In what ways is memory — both individual and collective — connected to the interpretation of one’s cultural identity? And how does that link reflect in the photographs, which have been submitted by people who have lived in Ladakh or moved to another city after some years?
Ahmed: Memory is very important, so is nostalgia. Several of the entries reflect on the past with a sense of melancholy, others as a way of remembering an incident or a person. We saw the exhibition as bringing people together across generations, and places. I think even unconsciously, these photos depict a different cultural atmosphere, one that not only looks at the ‘ordinary’, everyday goings-on but also the celebrations and entry of new ideas, and with them, objects we may now take for granted.

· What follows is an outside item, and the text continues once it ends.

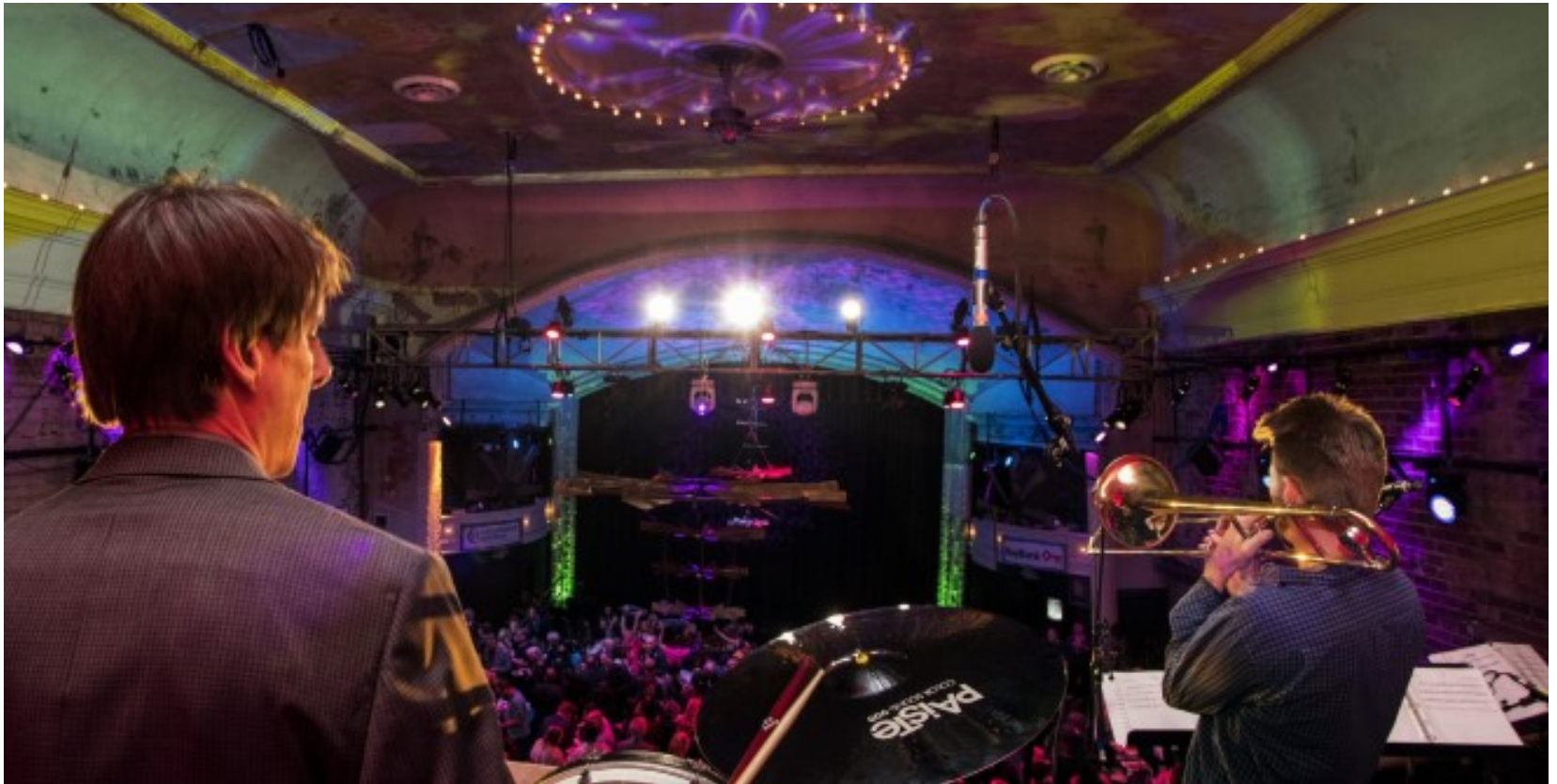
Pandemonium 2017: Unleash.

Having trouble viewing this email? Click here.

And at a time like this, remembrance plays a large part as people want to remember a time when we lived without masks and interacted with each other without fear.

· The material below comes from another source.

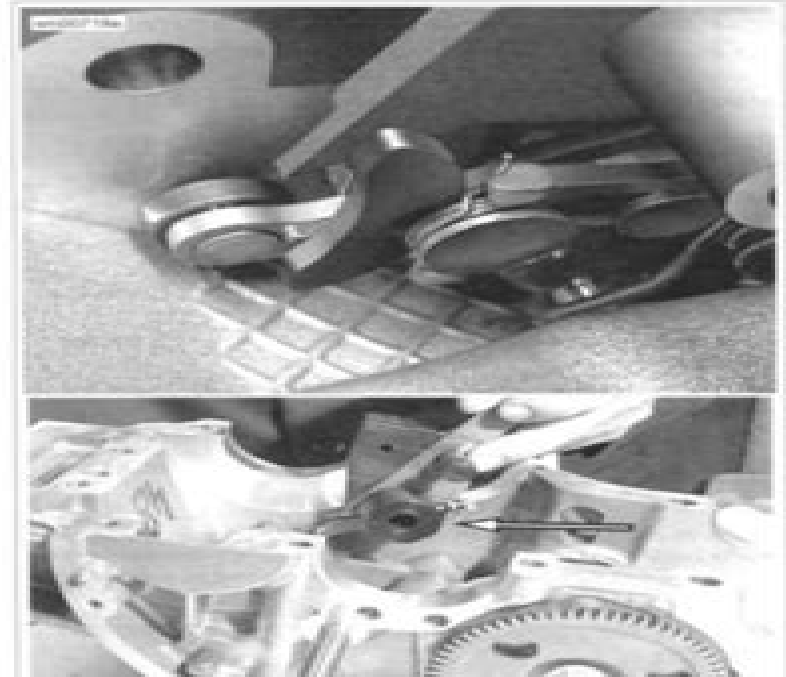
Figure 6-37. Shift Mechanism/Retractor (HD-45339)

Motup: Memory can help us construct our modernity without losing our cultural identity. To understand memory better, I often turn to Vilem Flusser, who said that the term memory in itself is a severed thread in a fabric that can’t be woven further, but rather it must be woven into a new fabric.

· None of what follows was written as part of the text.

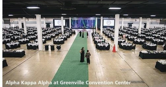
Alpha Kappa Alpha at Greenville Convention Center

Looking for a truly unique venue? Decorated with rich woods and

Since we now have enough time to introspect and revisit the past, such photographs can help fill the gaps as they are also evidences of the past.
Looking back on a photograph of her maternal grandfather, mother's cousin and a member of the phaspun, Dolma writes:
"In 1984 when television was first came to Ladakh, my father (who is fond of cricket) got one for himself to watch the matches. In 1987 he married and came to my mother's house, bringing this black and white TV along."
What changes do you think such imagery can bring to the discourse around Ladakh in the current social and political climate?
Ahmed: These archives form part of an important visual documentation of the history of Ladakh that speaks of its landscape, culture and the people who inhabited it. They speak not only of the past but also of contemporary issues in Ladakh. But more than that they turn the gaze inwards, so Ladakhis start looking at themselves and how they were/are 'viewed' — and how they 'view' themselves.
Motup: There isn’t an ultimate aim for us to achieve, or we haven’t worked with that intent. But say the process has been an important milestone. We can’t say on whether it will bring about new discourses on Ladakh but projects like these can document vital information that can help researchers to connect the dots.
"When I was 15, on returning from school one day, and I saw that my mother, Tashi Dolma, had acquired a new sewing machine. I was so excited that I tried using it at once. Coincidentally, a Japanese tourist passed by our house at the same time, and I said 'hello' to him. He came in and took a picture of us. And after a year he sent us this photograph," recounts Angchuk.
— Featured image (extreme left): Sharad Gohil's grandmother with her two children. The photo was taken by her husband Lalit Gohil, who ran the first studio in Leh in the 1950s.